Tunicamycin is known for its ability to induce ER stress by inhibiting N-glycosylation of proteins, resulting in accumulation of unfolded proteins in the ER lumen. It has antiviral, antibiotic, antifungal, and antitumor activities (Myers et al. 1993), but is not suitable for clinical use due to its toxicity in mammalian cells.

5-Fluorouracil is used as an anticancer drug, and it was shown to induce high levels of ER stress (Yao et al. 2020). It also has an indirect role in negative drug selection in genetic manipulation of Plasmodium species due to its high toxicity (Manzoni et al. 2014). 5-FU is a uracil analogue that has a fluorine atom at its fifth carbon. It is transported and converted to fluorodeoxyuridine monophosphate (FdUMP) which binds and inhibits thymidine synthase, preventing the synthesis of deoxythymidine monophosphate (dTMP). Depletion of dTMP leads to severe disruption of DNA synthesis and repair (Longley et al. 2003). 5-FU might create more severe effects in Plasmodium species due to the extremely AT-rich genome structure.

Our results showed that treatments of parasite cultures with all three drugs induced significant levels of ER stress and altered transcription profiles of autophagy and apoptosis-related genes. Tunicamycin-induced ER stress usually leads to apoptosis (Guha et al. 2017). TN treatment upregulated MCA2 as expected, but it also upregulated ATG5 together with the downregulation of ATG8 and ATG12. Atg5 had previously been shown to have pro-apoptotic roles in mammalian cells (Codogno and Meijer 2006). This expression profile suggests induction of an autophagy-induced apoptosis-like cell death mechanism. Same line of thinking might also be applied to expression profiles of CQ and 5-FU treatments; induction of all four genes could be explained by a similar autophagy-induced apoptosis-like pathway. Prolonged or excessive autophagy is known to lead to cell death. Other likely explanation is the excessive levels of ER stress could induce more than one response pathways simultaneously. Similarly, DNA damage can induce apoptosis, but it has also been shown to induce autophagy (Rodriguez-Rocha et al. 2011). Therefore, DNA replication and repair inhibitions by 5-FU treatments might lead to activation of both autophagy and apoptosis-like pathways.

CQ and 5-FU treatments induced significantly elevated levels of BiP upregulation, but as a noticeable difference, CQ treatment caused drastically upregulated transcription levels of ATG5 and ATG12 genes. Atg5 and Atg12 are required to form autophagopore, and Atg8 is required for the elongation and closure of autophagosome membrane (Hain and Bosch 2013). In previous studies, CQ treatment resulted with the cytosolic accumulation of autophagic vesicles, and CQ treatment was reported to inhibit autophagosome-lysosome fusion in an autophagy-independent manner (Mauthe et al. 2018). Thus, noticeable upregulation of the ATG5 and ATG12 transcripts in response to CQ treatment could be the result of autophagosome-lysosome fusion inhibition.
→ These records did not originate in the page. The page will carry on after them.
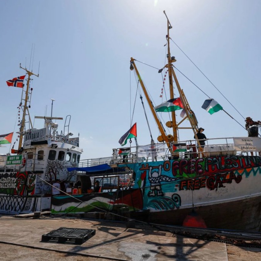 Konvoi yang terdiri dari 45 kapal dan lebih dari 500 relawan dari 45 negara itu memuat sejumlah tokoh internasional, termasuk aktivis lingkungan Swedia Greta Thunberg, cucu Nelson Mandela, serta anggota parlemen Eropa Rima Hassan.
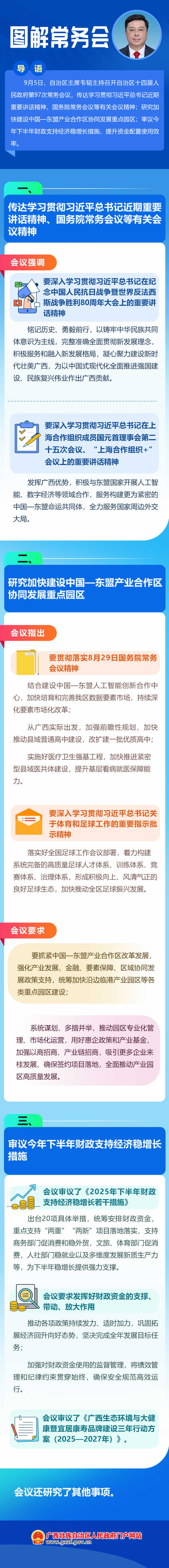 9月5日,自治区主席韦韬主持召开自治区十四届人民政府第97次常务会议,传达学习贯彻习近平总书记近期重要讲话精神、国务院常务会议等有关会议精神;研究加快建设中国—东盟产业合作区协同发展重点园区;审议今年下半年财政支持经济稳增长措施,提升资金配置使用效率。
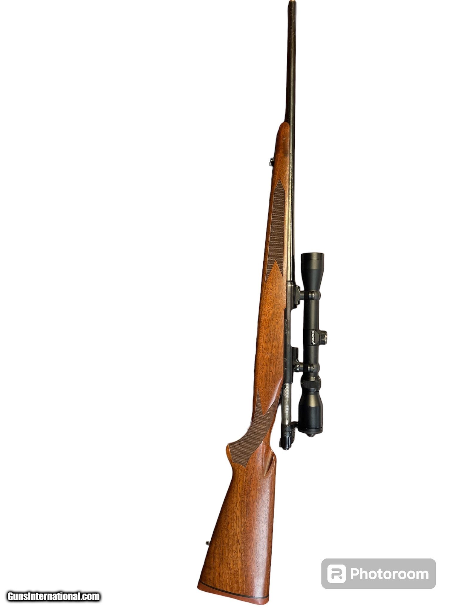 Description: Guns Listing ID: 1307409 The legendary handling and quickness of the Model 70 Featherweight. Few rifles can be identified in an instant like the Featherweight. It is justly famous among hunters everywhere. The Model 70 action offers Pre-’64 style controlled round feeding with claw extractor, a three-position safety and is highlighted by a jeweled bolt body with knurled bolt handle. Comes with Barska Scope SOLD Manufacturer: WINCHESTER Model: MODEL 70 Caliber Info: .22-250 REM Condition: Used - Non-Certified Barrels: 21 BARREL Finish: WOOD GRIPS/BLUED STEEL |
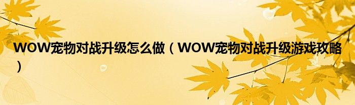欢迎观看本篇文章,小升来为大家解答以上问题。WOW宠物对战升级怎么做,WOW宠物对战升级游戏攻略很多人还不知道,现在让我们一起来看看吧!
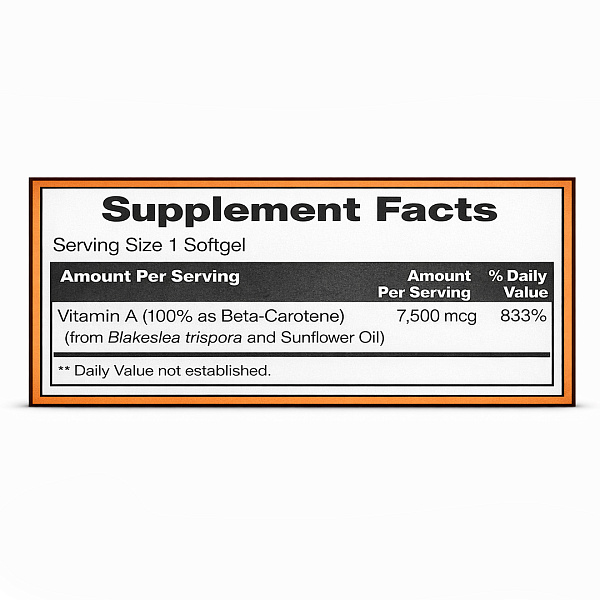 Бета-каротин — природный каротиноид, который в организме преобразуется в витамин A по мере необходимости. Такая форма считается безопасной и физиологичной, так как организм сам регулирует количество активного витамина A. Бета-каротин поддерживает зрение, иммунную систему и здоровье кожи, а также обладает выраженными антиоксидантными свойствами, защищая клетки от повреждения свободными радикалами.

Although this is a limited study, our results indicate that Plasmodium parasites respond to various ER stressors by inducing autophagy- and/or apoptosis-like pathways. Atg8 is generally accepted as a classical autophagy marker, but as an important limitation of this study, there are no established markers for apoptosis in Plasmodium. More work is required to overcome this limitation and uncover PCD pathways of malaria parasites. Further studies are warranted to explore relationship between autophagic and apoptotic pathways, especially at the translational level, which is likely to provide interesting results.